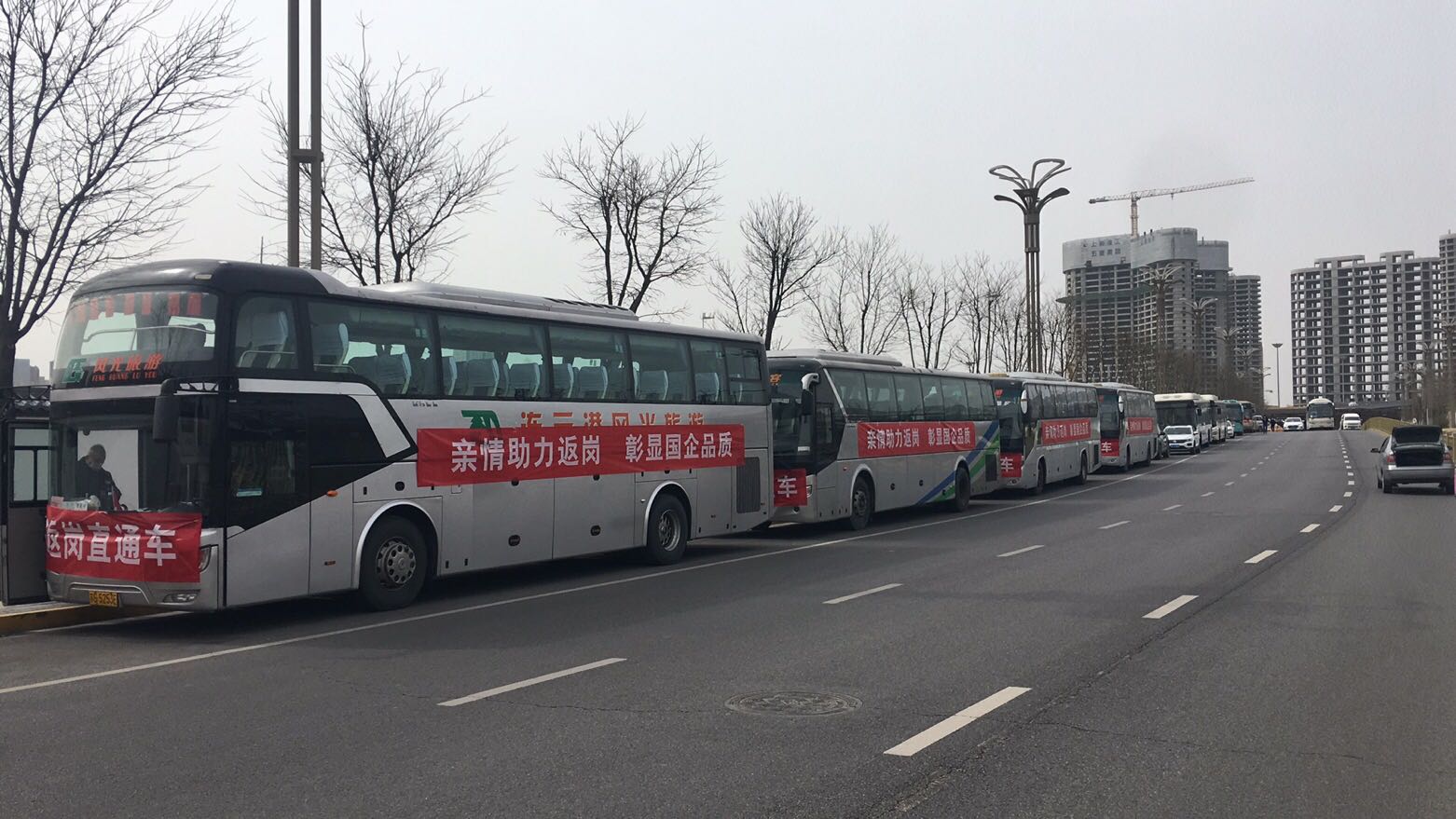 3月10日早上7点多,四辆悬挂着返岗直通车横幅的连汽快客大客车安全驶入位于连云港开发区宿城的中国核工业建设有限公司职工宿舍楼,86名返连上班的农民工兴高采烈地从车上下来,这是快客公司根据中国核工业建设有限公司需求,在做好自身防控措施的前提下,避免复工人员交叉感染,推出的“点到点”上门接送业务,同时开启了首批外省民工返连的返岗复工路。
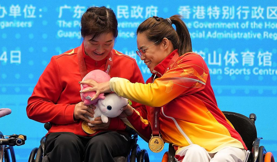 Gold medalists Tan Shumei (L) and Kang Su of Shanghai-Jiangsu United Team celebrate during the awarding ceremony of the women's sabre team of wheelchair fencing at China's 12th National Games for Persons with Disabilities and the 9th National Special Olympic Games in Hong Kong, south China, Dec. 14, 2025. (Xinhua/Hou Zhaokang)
* * *
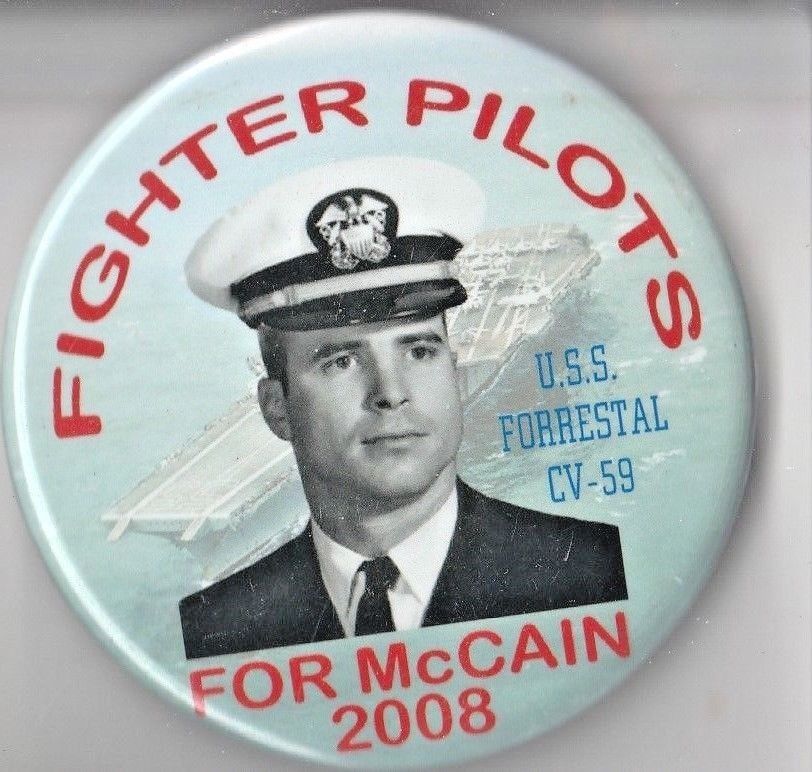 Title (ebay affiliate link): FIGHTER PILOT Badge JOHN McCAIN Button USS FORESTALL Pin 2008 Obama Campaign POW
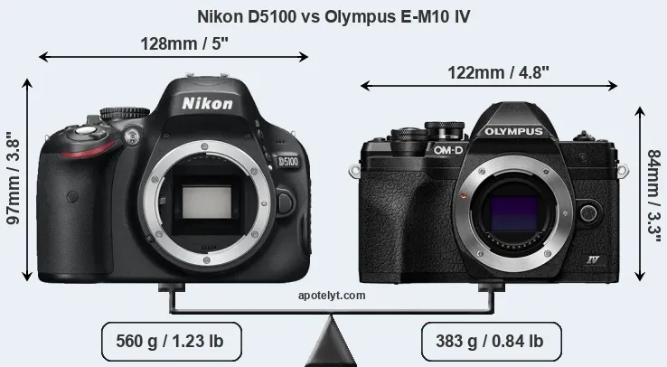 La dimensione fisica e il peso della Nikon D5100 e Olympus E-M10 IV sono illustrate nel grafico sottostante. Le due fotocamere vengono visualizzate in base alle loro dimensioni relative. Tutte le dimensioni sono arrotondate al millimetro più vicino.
--
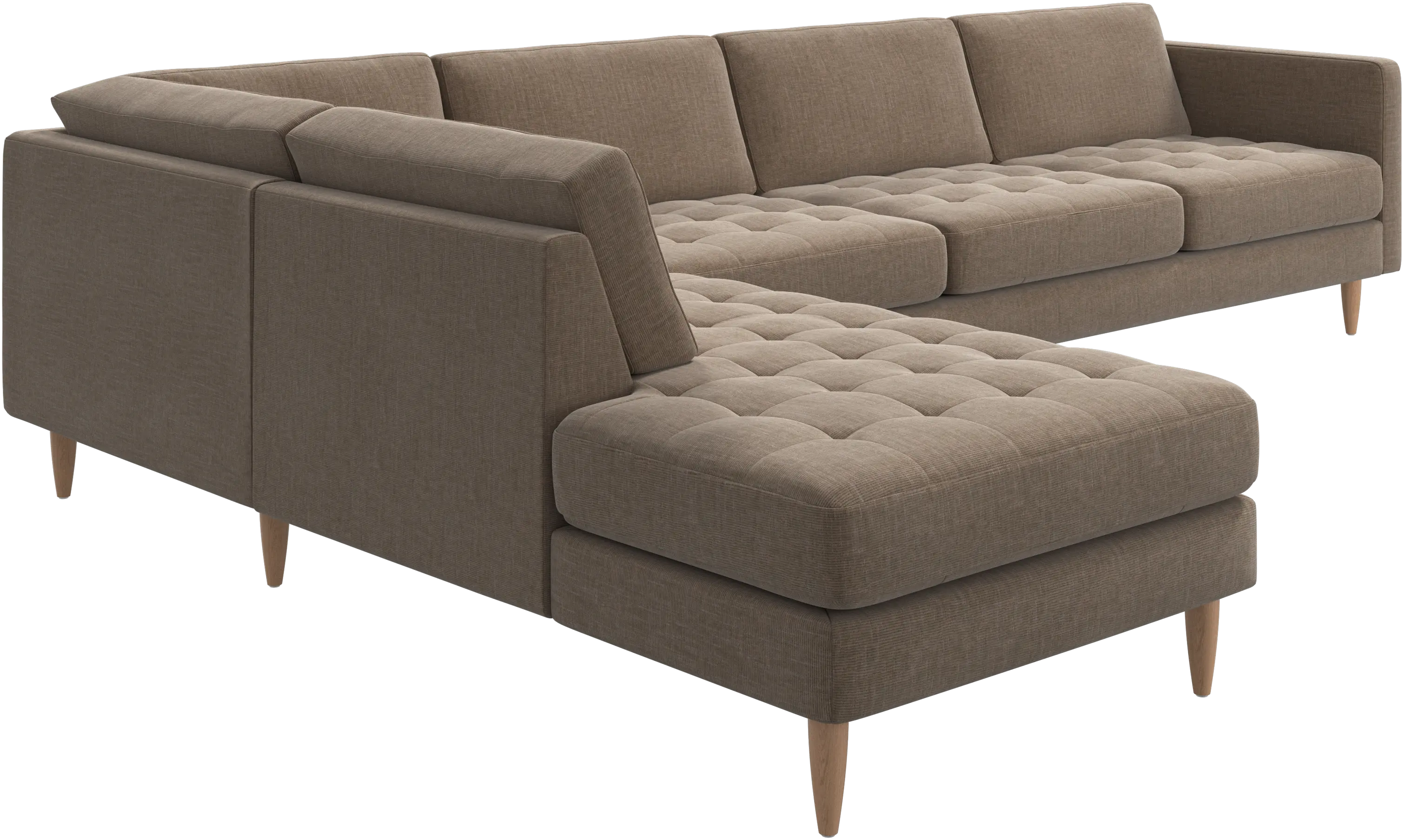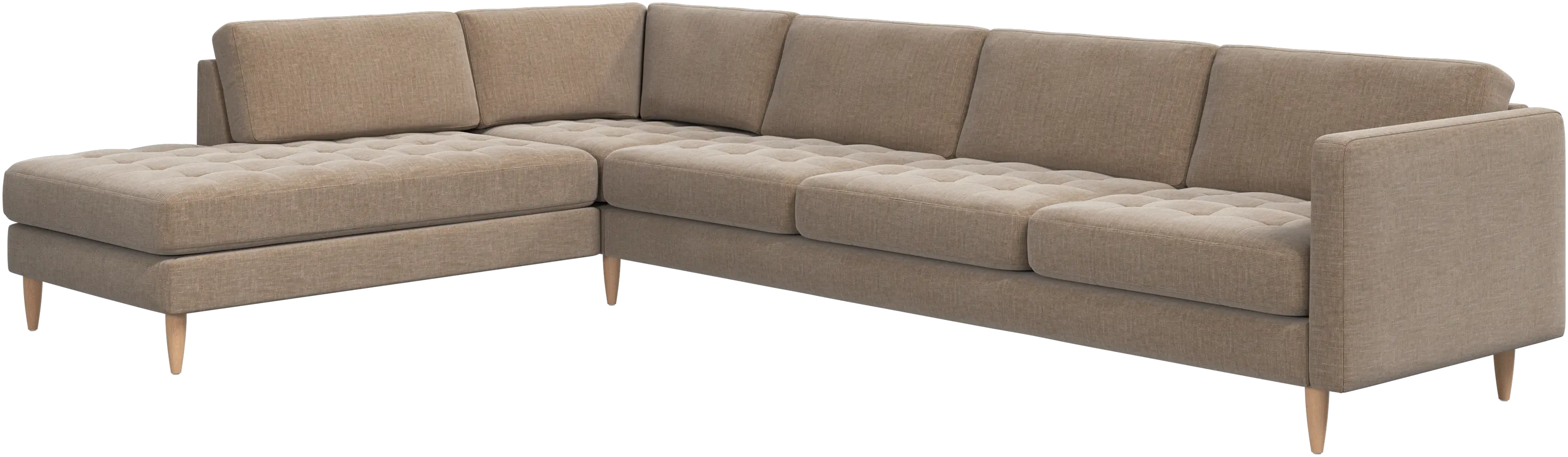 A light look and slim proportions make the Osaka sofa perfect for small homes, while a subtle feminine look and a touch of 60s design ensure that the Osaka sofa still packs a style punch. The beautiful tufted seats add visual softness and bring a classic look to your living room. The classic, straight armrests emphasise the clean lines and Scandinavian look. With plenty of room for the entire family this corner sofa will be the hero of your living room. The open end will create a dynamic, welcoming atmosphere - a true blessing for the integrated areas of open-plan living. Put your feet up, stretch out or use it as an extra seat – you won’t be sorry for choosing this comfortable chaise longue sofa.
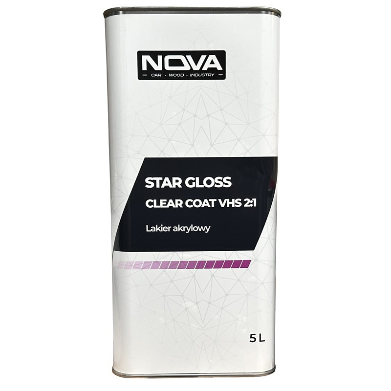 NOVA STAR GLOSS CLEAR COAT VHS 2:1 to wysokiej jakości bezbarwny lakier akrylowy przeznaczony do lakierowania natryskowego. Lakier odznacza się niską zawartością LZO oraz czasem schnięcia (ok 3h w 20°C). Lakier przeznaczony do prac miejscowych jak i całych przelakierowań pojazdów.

*What you should do*: I'd like the lines above repeated exactly, from the one that contains "3月10日早上7点多,四辆悬" through the one that contains "Gold medalists Tan", with no pictures.

*Finished exercise*:
 3月10日早上7点多,四辆悬挂着返岗直通车横幅的连汽快客大客车安全驶入位于连云港开发区宿城的中国核工业建设有限公司职工宿舍楼,86名返连上班的农民工兴高采烈地从车上下来,这是快客公司根据中国核工业建设有限公司需求,在做好自身防控措施的前提下,避免复工人员交叉感染,推出的“点到点”上门接送业务,同时开启了首批外省民工返连的返岗复工路。
 Gold medalists Tan Shumei (L) and Kang Su of Shanghai-Jiangsu United Team celebrate during the awarding ceremony of the women's sabre team of wheelchair fencing at China's 12th National Games for Persons with Disabilities and the 9th National Special Olympic Games in Hong Kong, south China, Dec. 14, 2025. (Xinhua/Hou Zhaokang)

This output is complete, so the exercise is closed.